> [EXERCISE]: Make an exact copy of the lines from the one containing "A westward-moving area" through the end of the material, including both ends but no pictures.

> [DATA EXCERPT]:
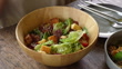 Caesar salad being eaten with fork from wooden bowl, featuring fresh greens, cheese, and croutons. Concept of healthy food, clean eating, balanced diet, and wellness lifestyle.
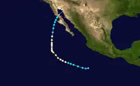 A westward-moving area of squalls south of Mexico organized into a tropical depression on September 30. It then strengthened into a tropical storm and was named Joanne. Joanne moved west northwest, and intensified into a hurricane on October 1. It then peaked as a Category 2 hurricane on October 2. Joanne then slowed down and began to recurve, first to the north, and then the north northeast. While accelerating in that direction, Joanne made landfall near Laguna Chapala on the Baja California Peninsula as a tropical storm.[4] Joanne managed to retain a closed circulation and bring tropical storm force winds to Arizona, the first recorded time that had happened.[10] The tropical storm dissipated inland over Sonora on October 7.[4] Joanne is one of only four known Pacific hurricanes to bring gale-force winds to the Continental United States, and was the first since the 1939 California tropical storm.[11]
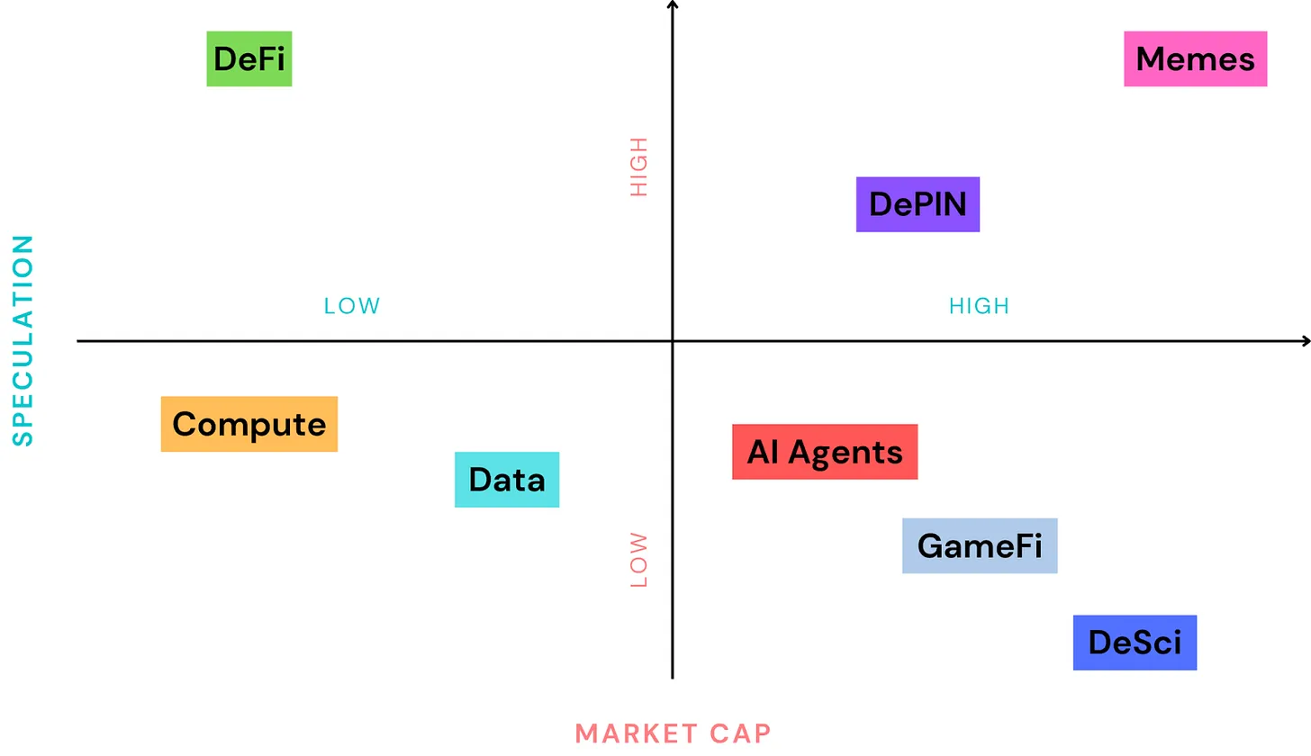 DeSci находится на начальном этапе своего развития, ее MC составляет 860M$. В ней представлены такие смелые игроки, как VITA и TRAC, продвигающие децентрализованные исследования в области долголетия.

> [EXERCISE OUTPUT]:
 A westward-moving area of squalls south of Mexico organized into a tropical depression on September 30. It then strengthened into a tropical storm and was named Joanne. Joanne moved west northwest, and intensified into a hurricane on October 1. It then peaked as a Category 2 hurricane on October 2. Joanne then slowed down and began to recurve, first to the north, and then the north northeast. While accelerating in that direction, Joanne made landfall near Laguna Chapala on the Baja California Peninsula as a tropical storm.[4] Joanne managed to retain a closed circulation and bring tropical storm force winds to Arizona, the first recorded time that had happened.[10] The tropical storm dissipated inland over Sonora on October 7.[4] Joanne is one of only four known Pacific hurricanes to bring gale-force winds to the Continental United States, and was the first since the 1939 California tropical storm.[11]
 DeSci находится на начальном этапе своего развития, ее MC составляет 860M$. В ней представлены такие смелые игроки, как VITA и TRAC, продвигающие децентрализованные исследования в области долголетия.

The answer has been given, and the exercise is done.